Diabetic Ketoacidosis (DKA)
Physiology:
Hyperglycemia:
➧ Increased hepatic production of glucose.
➧ Diminished glucose uptake by peripheral tissues.
➧ Insulinopenia / Hyperglucagonemia.
Ketoacidemia:
➧ The ketoacid is acetoacetic acid. The byproduct is acetone. The non-keto-acid is beta-hydroxybutyric acid.
➧ Increased lipolysis and hepatic ketogenesis
➧ Reduced ketolysis by insulin-deficient peripheral tissues.
Fluid and Electrolyte Depletion:
➧ Osmotic diuresis and dehydration due to hyperglycemia.
➧ On average, water deficit is about 5L, sodium 500 mmol, potassium 400 mmol, and chloride 400 mmol.
General Considerations:
➤ Initial presentation of Type I DM (Can also occur in Type II DM).
➤ Increased insulin requirements in Type I DM (Infection, Trauma, Myocardial infarction, Surgery).
➤ Mortality is 5% in patients under 40 y. Up to 20% of the elderly.
➤ Estimates of 5-8 episodes per 1000 at-risk diabetics annually.
➤ One of the more common serious complications of insulin pump users – occurs 1 per 80 months of treatment.
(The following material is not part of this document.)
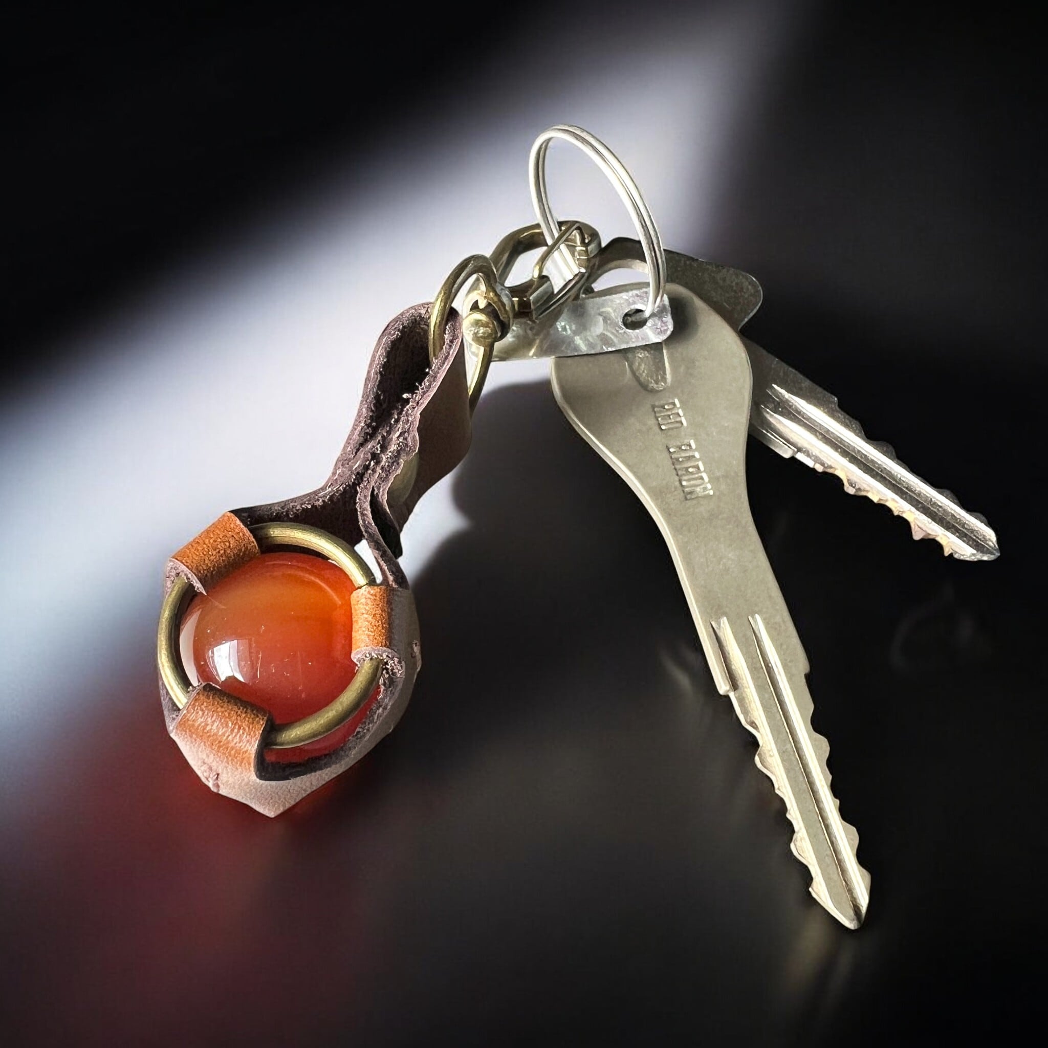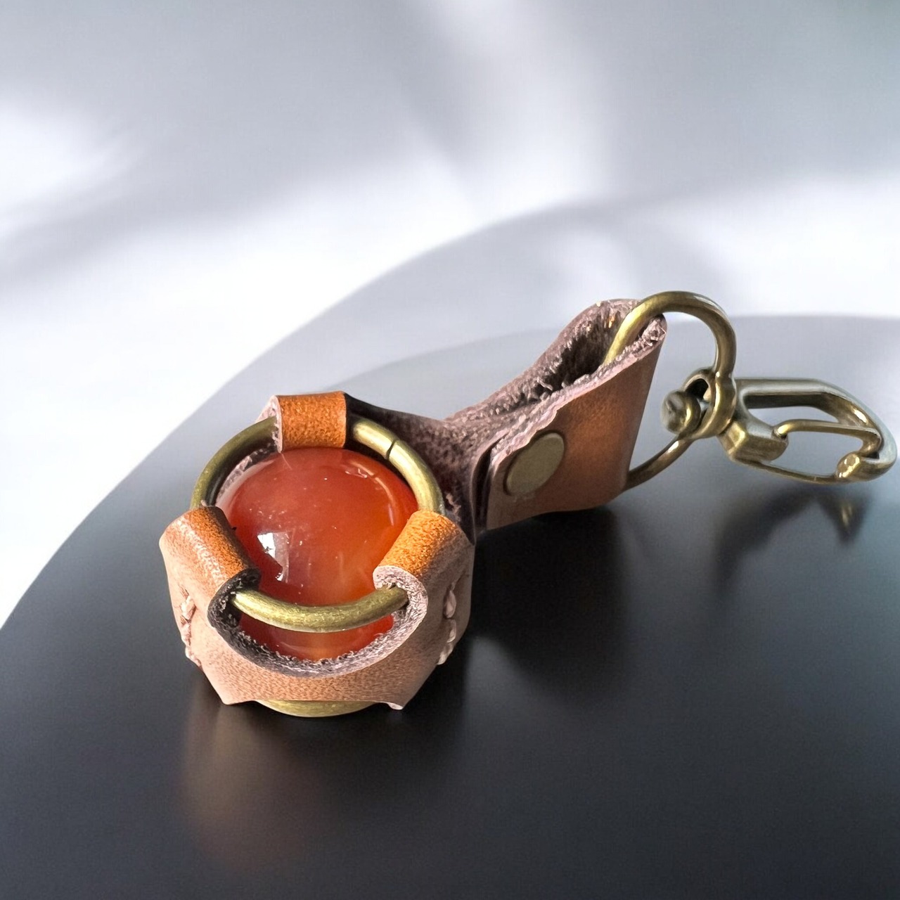 深みのある赤が美しい赤瑪瑙(レッドアゲート)を、本革で包み込んだキーホルダー。

Typically due to unrecognized pump failure.
➤ Essentials of Diagnosis:
➧ Acidosis with pH < 7.3.
➧ Serum bicarbonate < 15 .mEq/L.
➧ The serum is positive for ketones.
➧ Elevated anion gap (variable, may occur without gap).
➧ Hyperglycemia > 250 mg/dL (no correlation between the severity of hyperglycemia and severity of ketoacidosis).
Clinical picture:
Symptoms:
➧ Early: Polyuria, Polydipsia, Fatigue, N/V.
➧ Late: Stupor – Coma.
Signs:
➧ Rapid, Deep Breathing.
➧ Fruity breath odor of acetone.
➧ Tachycardia, Hypotension, mild Hypothermia.
➧ Abdominal Pain and Tenderness.
Laboratory Findings:
➧ Glycosuria 4+, Ketonuria.
➧ Hyperglycemia, Ketonemia, Low arterial blood pH, and Low plasma bicarbonate.
➧ Elevated serum potassium (despite total body potassium depletion).
➧ Elevated serum amylase (not specific for pancreatitis in this setting, use lipase).
➧ Leukocytosis.
➧ If hyperthermic, likely due to infection since pts with DKA are hypothermic if uninfected.
Management of DKA:
Insulin Replacement:
➧ Regular Insulin IV bolus 0.1-0.2 units/kg to ‘prime’ insulin receptors.
➧ Regular Insulin infusion at 0.1 units/kg/h.
➧ Then replaced with SC regular insulin when hyperglycemia and ketoacidosis are controlled.
➧ Then oral intake + SC intermediate-acting insulin.
Fluid Replacement:
➧ The typical deficit is 4-5 L.
➧ Initially, NS 1 L/h. x 2 h., then 0.5 L/h. x 1-2 h., then 200-300 mL/h. till correction.
➧ Switch to ½ NS if serum Na > 150 mEq/L.
➧ Add D5W if the glucose falls below 250 mg/dL, to maintain serum glucose 250-300 mg/dL to prevent hypoglycemia and cerebral edema.
Sodium Bicarbonate:
➧ 50 mmol
➧ Clinical benefit has not been demonstrated.
➧ Use to correct pH < 7, target pH of 7-7.2.
Potassium:
➧ 10-30 mEq/h. replacement to be started during the second or third hour of treatment.
Phosphate:
➧ Replete hypophosphatemia of < 1 mg/dL.
➧ 15 mmol K or Na phosphate in 100 mL saline.
➧ Replete slowly (3-4 mmol/h.) to avoid hypocalcemic tetany.
Treatment of Associated Infection:
➧ Antibiotics: as indicated.
➧ Cholecystitis and pyelonephritis may be particularly severe in these patients.